Helping News                                                   May, 2022   Issue 159


The Mental Health Toll Of Racism

While we’re on the topic of social justice, we need to talk about another issue—how discrimination undermines mental health.
Article by: Rebecca Dolgin

Usually the conversation around inequality centers on things we can measure. We can see the disparity on just about every quantifier of equality:

Income. In 2017 black men were paid less than 70 cents for every $1 paid to white men.

Net worth. The white-black income gap in median net worth increased from $132,800 in 2013 to $153,500 in 2016.

Employment rate. Black unemployment is consistently twice that of white unemployment.

Health. Even the coronavirus is more likely to impact black Americans than white Americans.

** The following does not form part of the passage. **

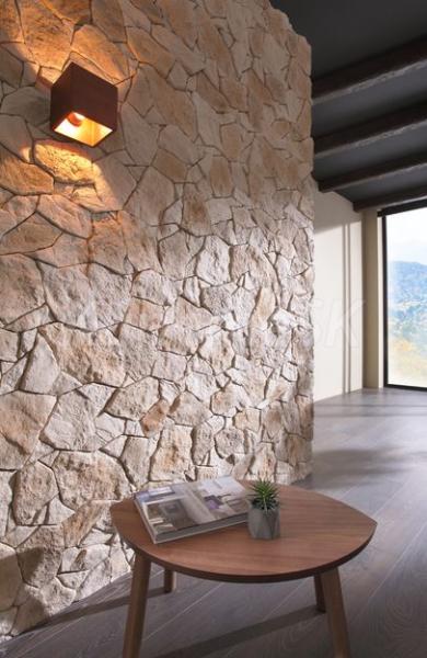NANGA obklad má jedinečný vzhľad ako kameň je inšpirovaný alpskou krajinou. V interiéri vytvára neopakovateľnú atmosféru. Vďaka obkladu NANGA môžeme získať individuálny vzor na stene. Obklad dobre vynikne spoločne s nábytkom so surového a tmavého dreva.

But what we can’t plot on a chart and see with the same clarity is the cumulative effect, not just of these stark contrasts, but of the everyday strains, known as microaggressions. The slight suspicion, nominal service, and dismissiveness that mark a more subtle form of racism have devastating consequences on mental health.

According to research published by the American Psychological Association (APA), discrimination-related stress is linked to mental health issues, such as anxiety and depression—even in children. This report doesn’t come as a surprise, but the severity of the problem may.

In the APA’s Stress In America: The Impact of Discrimination report, American Indian/Alaska Natives (81 percent), Blacks (76 percent), Asians (74 percent) and Hispanics (72 percent) report having experienced everyday discrimination, compared to 61 percent of all adults.

And over half of the black respondents (60 percent) added that their lives have been “at least a little harder because of discrimination.”

How Discrimination Affects Health

People who say they have faced discrimination rate their stress levels higher, on average, than those who say they have not experienced discrimination. That’s true across racial and ethnic groups. Elevated stress then creates a domino of mental and physical issues.
Here’s what happens: Race-based stress increases cortisol, raises blood pressure, and increases heart rate. Researchers in Scandinavia have also found that race-based social stress disrupts sleep.

The cascade from these two reactions can lead to anything from chronic conditions like high blood pressure to cognitive setbacks. Depressive symptoms are one of the most common and documented of these effects. Study after study confirms that an increase in reported encounters with discrimination is associated with an increase in symptoms of depression.